BEGIN

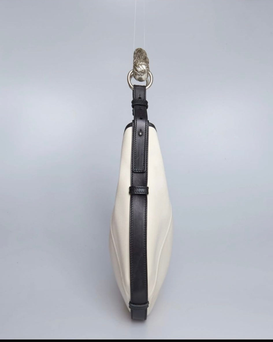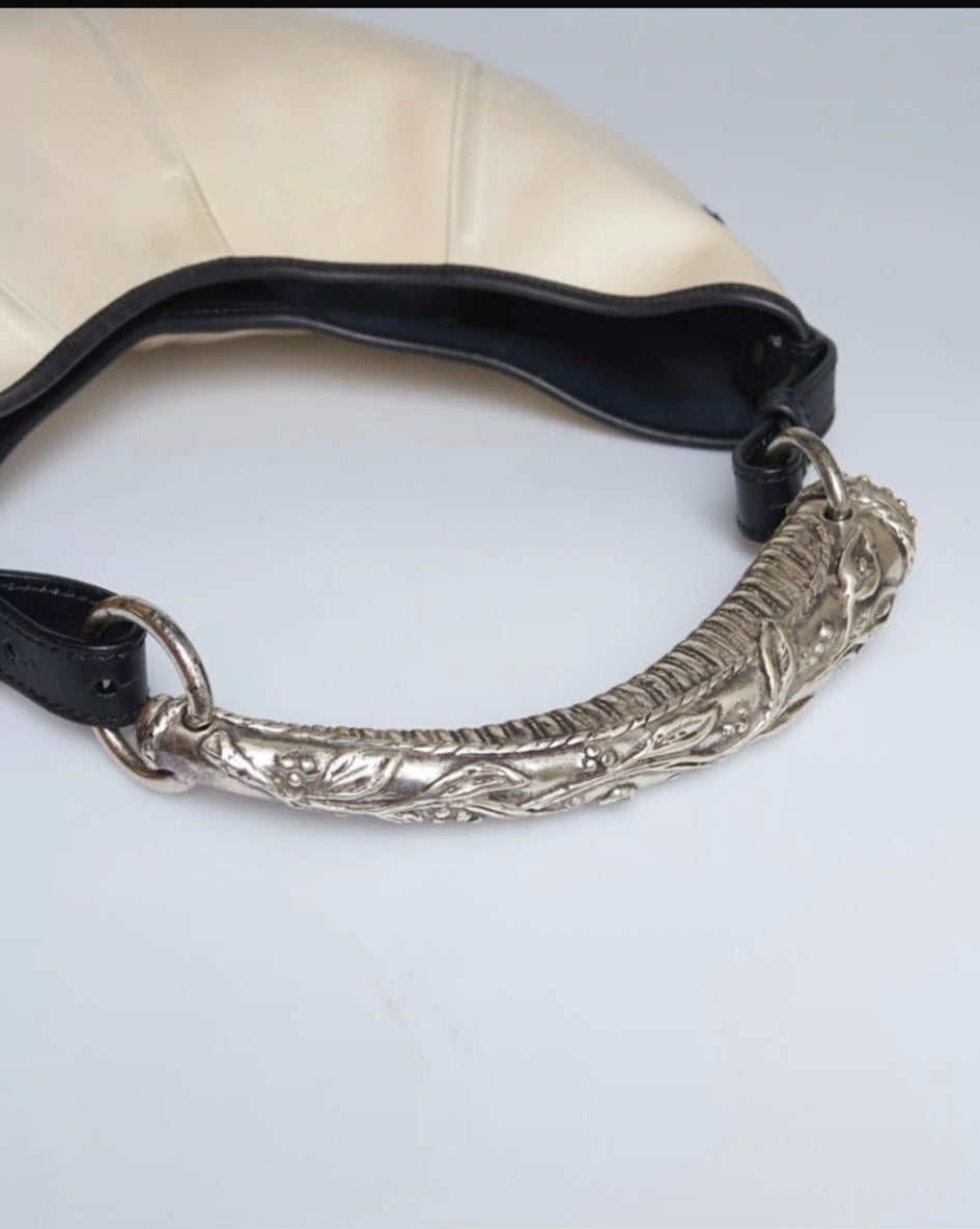 Questa borsa Saint Laurent Mombasa, disegnata da Tom Ford nel 2002, presenta un esterno in tessuto pelle. È impreziosita da una maniglia in corno con hardware in metallo color argento e finiture coordinate.
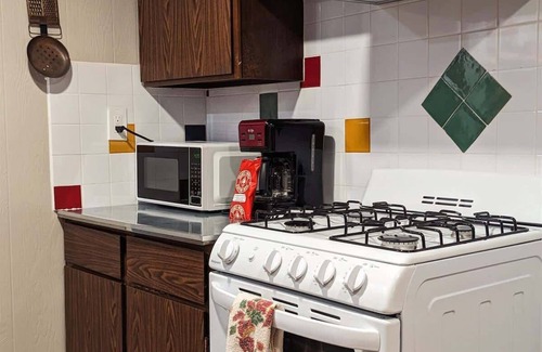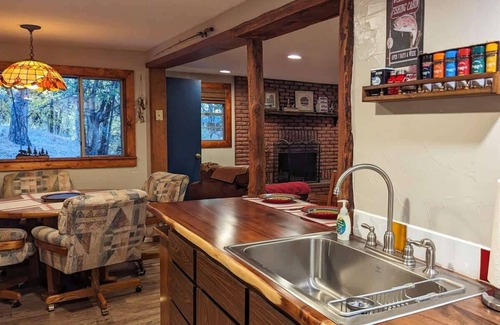 The kitchen has a vintage vibe with a dining table that almost didn't stay after the remodel. The dining chairs are way too comfy though! We couldn't get rid of them! Enjoy dinner then games around the table. You'll see what we mean! This cabin is super comfortable!
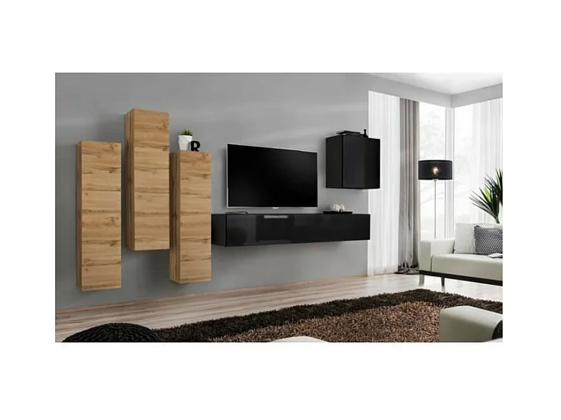 Set di mobili da soggiorno design collezione SWITCH III. Colori quercia wotan e nero lucido.
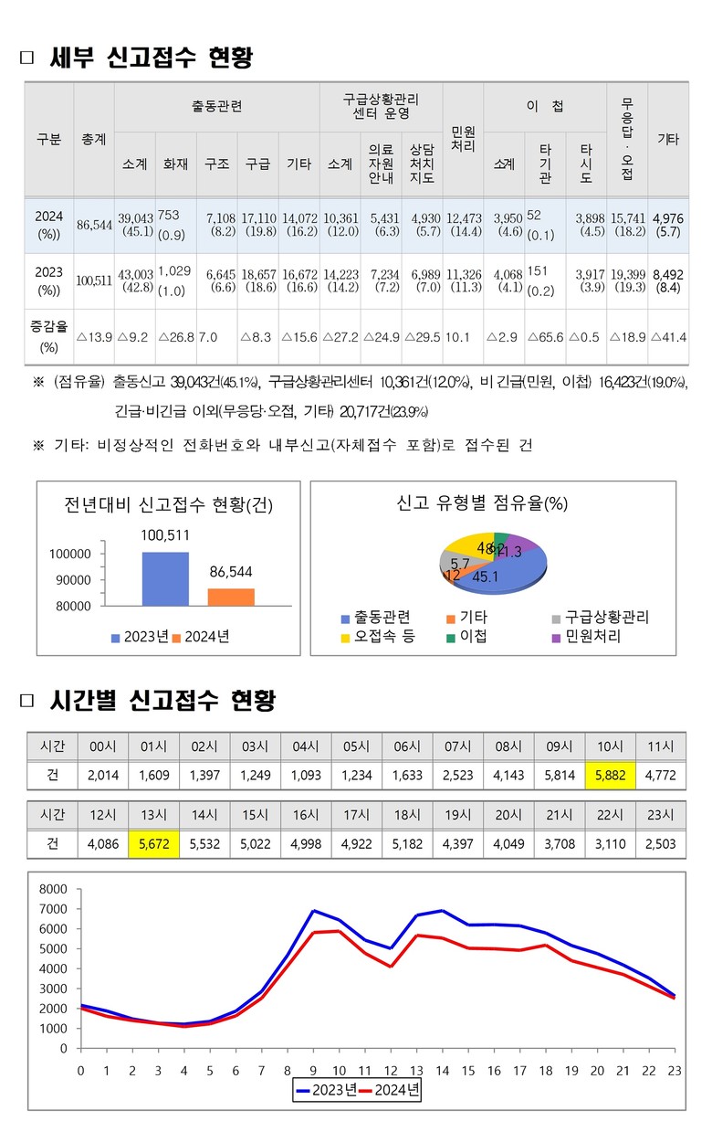 신고 유형별로는 화재·구조‧구급 등 현장 출동 신고가 전체의 45.1%인 3만 9,043건을 기록했다.
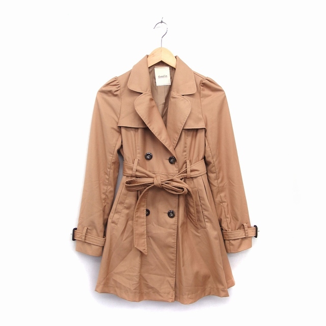 ダズリン dazzlin トレンチ コート ミディ丈 ペプラム パワーショルダー リボンベルト S キャメル 茶 /HT5 レディース
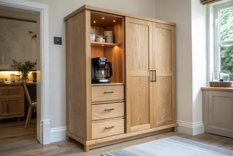 If your counters always seem to collect a mini army of small appliances, an appliance cabinet can be a total game-changer. Slide-Out Shelf Appliance Cabinet Slide-out shelf makes heavy appliances effortless—warm oak craftsmanship in a clean white cabinet. A slide-out shelf inside an appliance cabinet lets you pull a heavy appliance forward so you’re not wrestling it under an upper cabinet. I like building these trays from sturdy plywood with hardwood runners because they can…
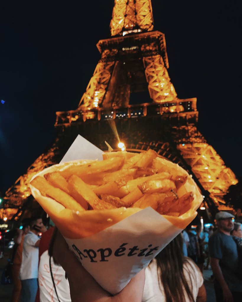 Cuando nos dio hambre, decidimos cerrar el viaje con broche de oro y fuimos a buscar una crepa a la Torre Eiffel, igual que la primera noche. Nuestro vuelo salía al día siguiente a las 12 del día.

END

→ **Exercise details**
What should appear is an exact reproduction of the lines from the one with "Set di mobili" through the end of the material above, and no pictures.

→ **Response**
 Set di mobili da soggiorno design collezione SWITCH III. Colori quercia wotan e nero lucido.
 신고 유형별로는 화재·구조‧구급 등 현장 출동 신고가 전체의 45.1%인 3만 9,043건을 기록했다.
 ダズリン dazzlin トレンチ コート ミディ丈 ペプラム パワーショルダー リボンベルト S キャメル 茶 /HT5 レディース
 If your counters always seem to collect a mini army of small appliances, an appliance cabinet can be a total game-changer. Slide-Out Shelf Appliance Cabinet Slide-out shelf makes heavy appliances effortless—warm oak craftsmanship in a clean white cabinet. A slide-out shelf inside an appliance cabinet lets you pull a heavy appliance forward so you’re not wrestling it under an upper cabinet. I like building these trays from sturdy plywood with hardwood runners because they can…
 Cuando nos dio hambre, decidimos cerrar el viaje con broche de oro y fuimos a buscar una crepa a la Torre Eiffel, igual que la primera noche. Nuestro vuelo salía al día siguiente a las 12 del día.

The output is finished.